Data listing ▸
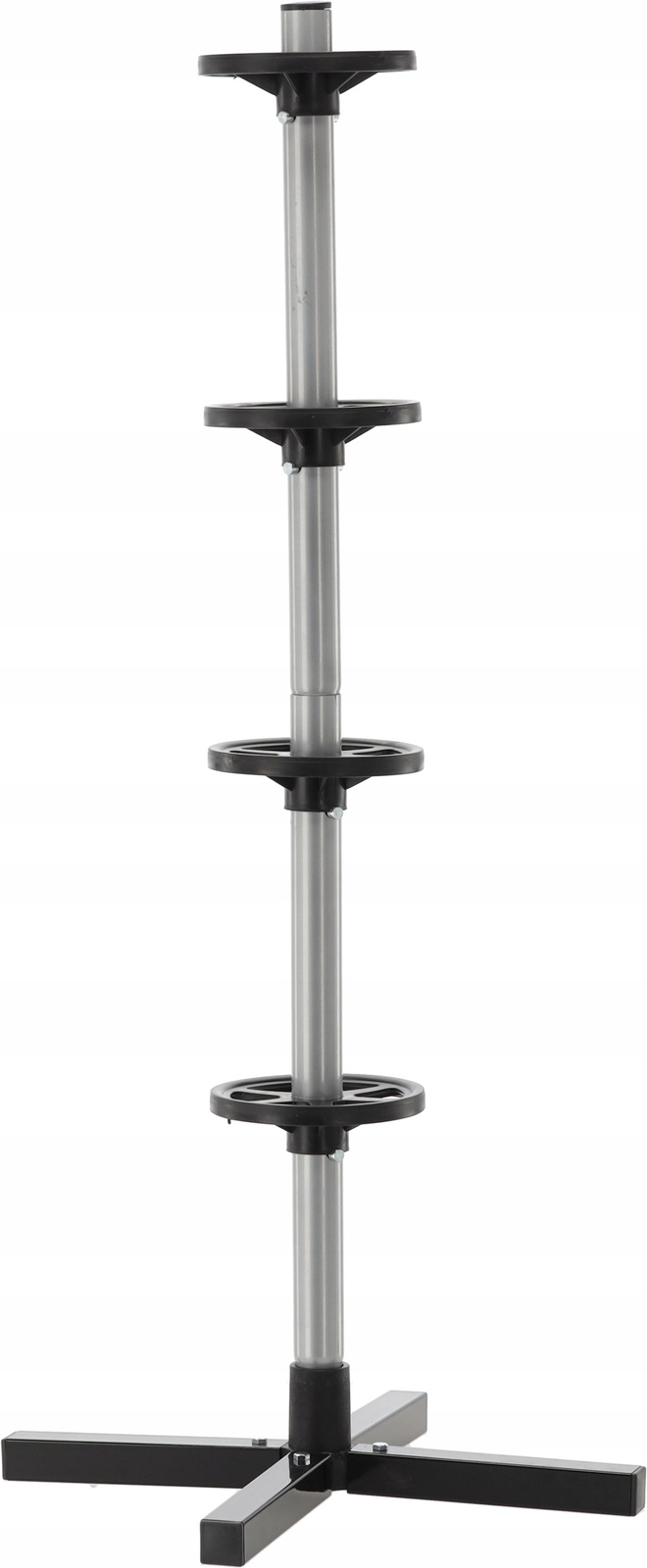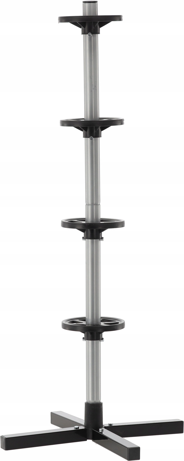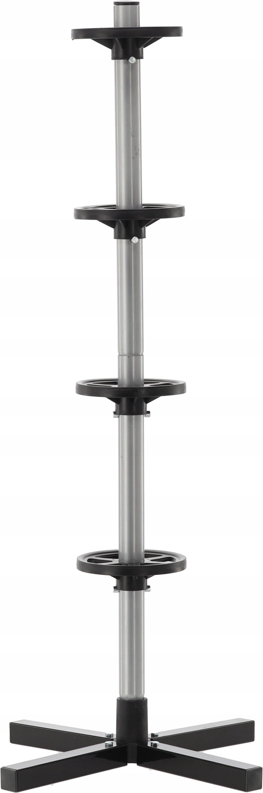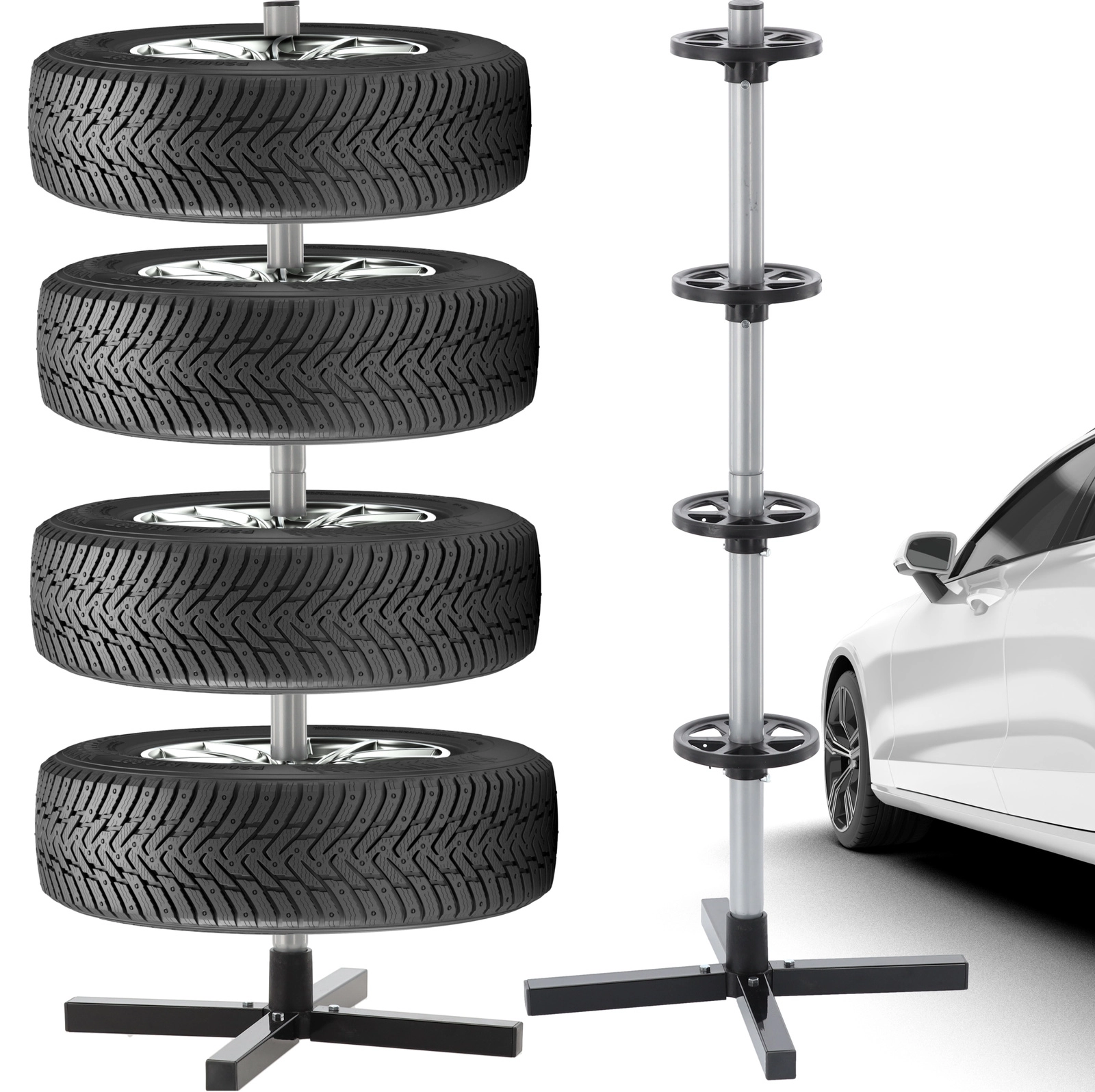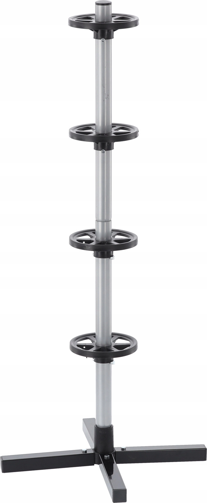 Store your seasonal tire set neatly and safely. The vertical rack with a cross base holds up to four wheels off the floor, saving space and preventing tread flat spots. Durable steel, spacer rings, and a sturdy base ensure stability even at full load.
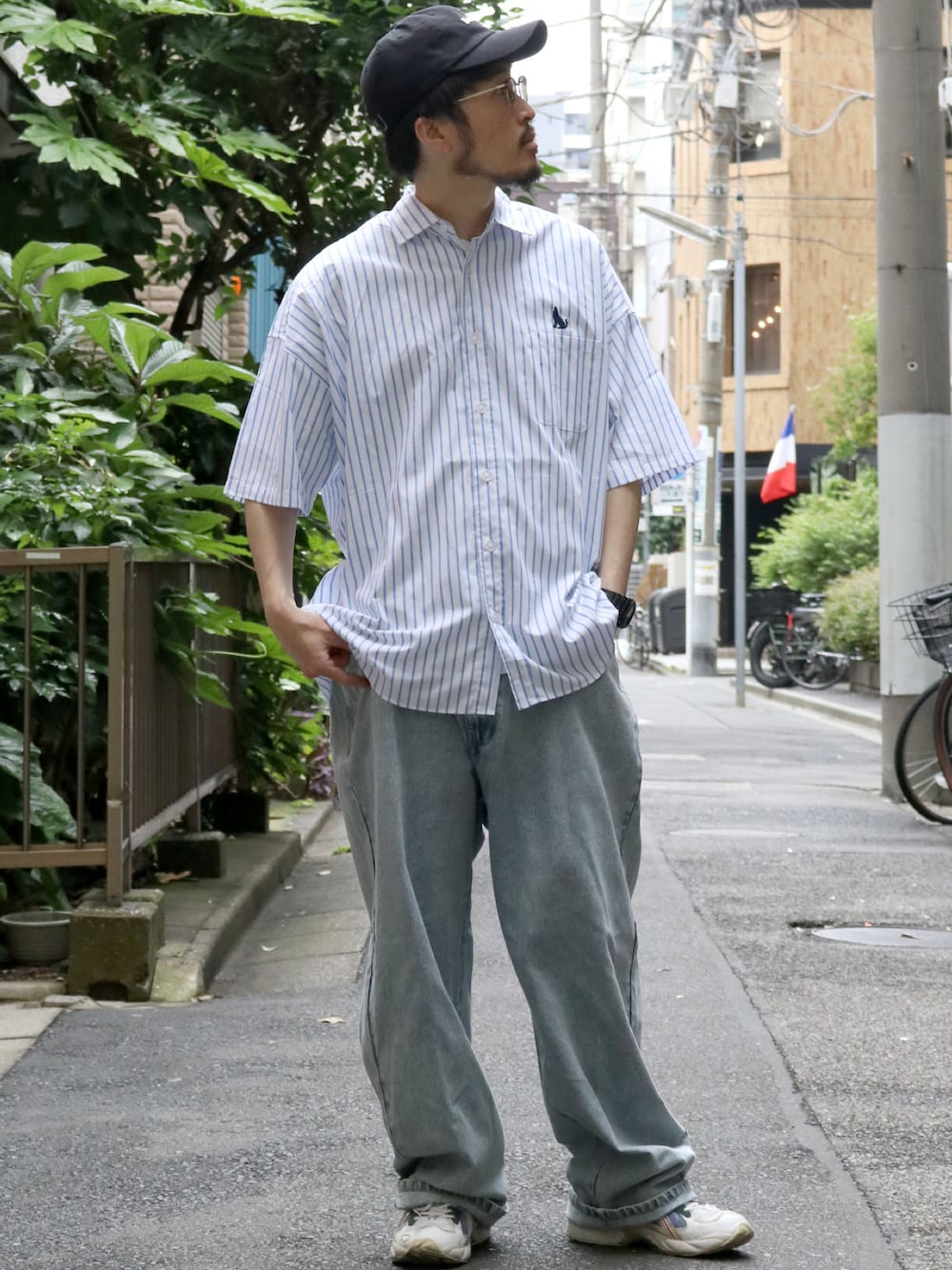 StartingOver_officialのシャツ/ブラウス「別注【Healthknit Product】one point stitch broadcloth shirt/ワンポイント刺繍 ブロードクロス レギュラーカラー 半袖シャツ 無地/ストライプ」を使ったコーディネート
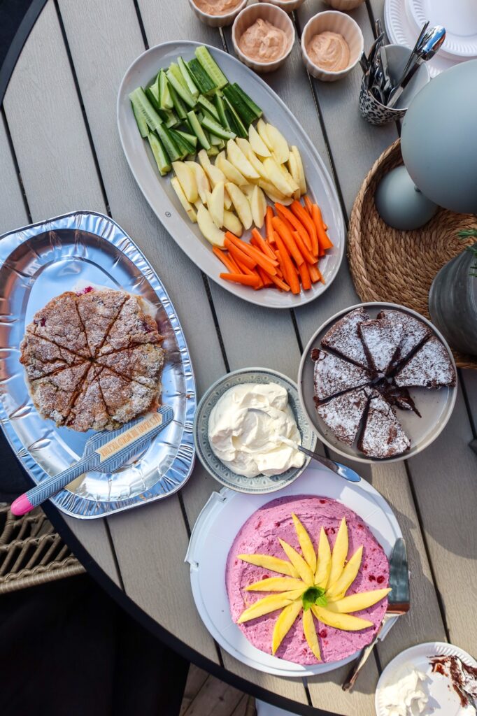 Igår hade jag min familj här på födelsedagsfirande. Det blev lite tilltugg och fika, mamma & pappa och syrran med hela sin familj. Så mysigt. Jag gjorde massa gott….. små minipizzor, grönsaksdipp med hemmagjord Holiday dipp (kommer recept på det senare idag), blåbärstårta, hallonkaka och vanlig kladdkaka med grädde. Minipizzorna gjorde succé! Kommer recept på allt detta framöver.
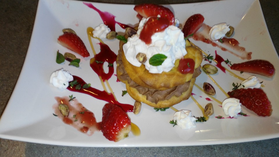 Take now the pate a choux cooked and put a layer of cream on a chocolate disk. Superimpose another disc, and then into the hole, add the raspberry jam, a little freshly grated ginger and a few chopped pistachios. Complete with chantilly cream and garnish with strawberries, mint and fresh thyme.
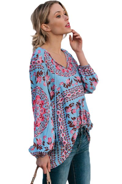 Ingrid Women’s V Neck Long Sleeve Loose Blouses Sky Blue
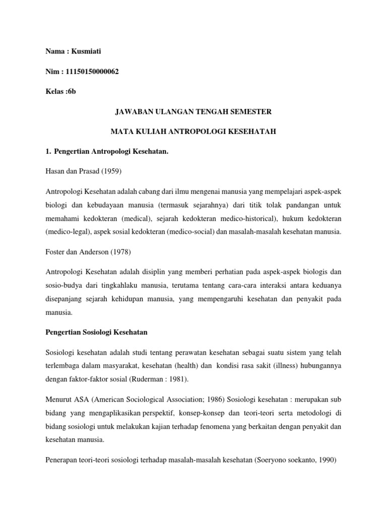 Contoh Soal Antropologi Kesehatan Dan Jawabannya Mathlaul Khairiyah

What is being asked ▸
All that is needed is the span from the line with "StartingOver_officialのシャツ/ブラウス「別注【Healthknit Product】one point" through the last line of the material above, reproduced exactly and free of pictures.

Solution below ▸
 StartingOver_officialのシャツ/ブラウス「別注【Healthknit Product】one point stitch broadcloth shirt/ワンポイント刺繍 ブロードクロス レギュラーカラー 半袖シャツ 無地/ストライプ」を使ったコーディネート
 Igår hade jag min familj här på födelsedagsfirande. Det blev lite tilltugg och fika, mamma & pappa och syrran med hela sin familj. Så mysigt. Jag gjorde massa gott….. små minipizzor, grönsaksdipp med hemmagjord Holiday dipp (kommer recept på det senare idag), blåbärstårta, hallonkaka och vanlig kladdkaka med grädde. Minipizzorna gjorde succé! Kommer recept på allt detta framöver.
 Take now the pate a choux cooked and put a layer of cream on a chocolate disk. Superimpose another disc, and then into the hole, add the raspberry jam, a little freshly grated ginger and a few chopped pistachios. Complete with chantilly cream and garnish with strawberries, mint and fresh thyme.
 Ingrid Women’s V Neck Long Sleeve Loose Blouses Sky Blue
 Contoh Soal Antropologi Kesehatan Dan Jawabannya Mathlaul Khairiyah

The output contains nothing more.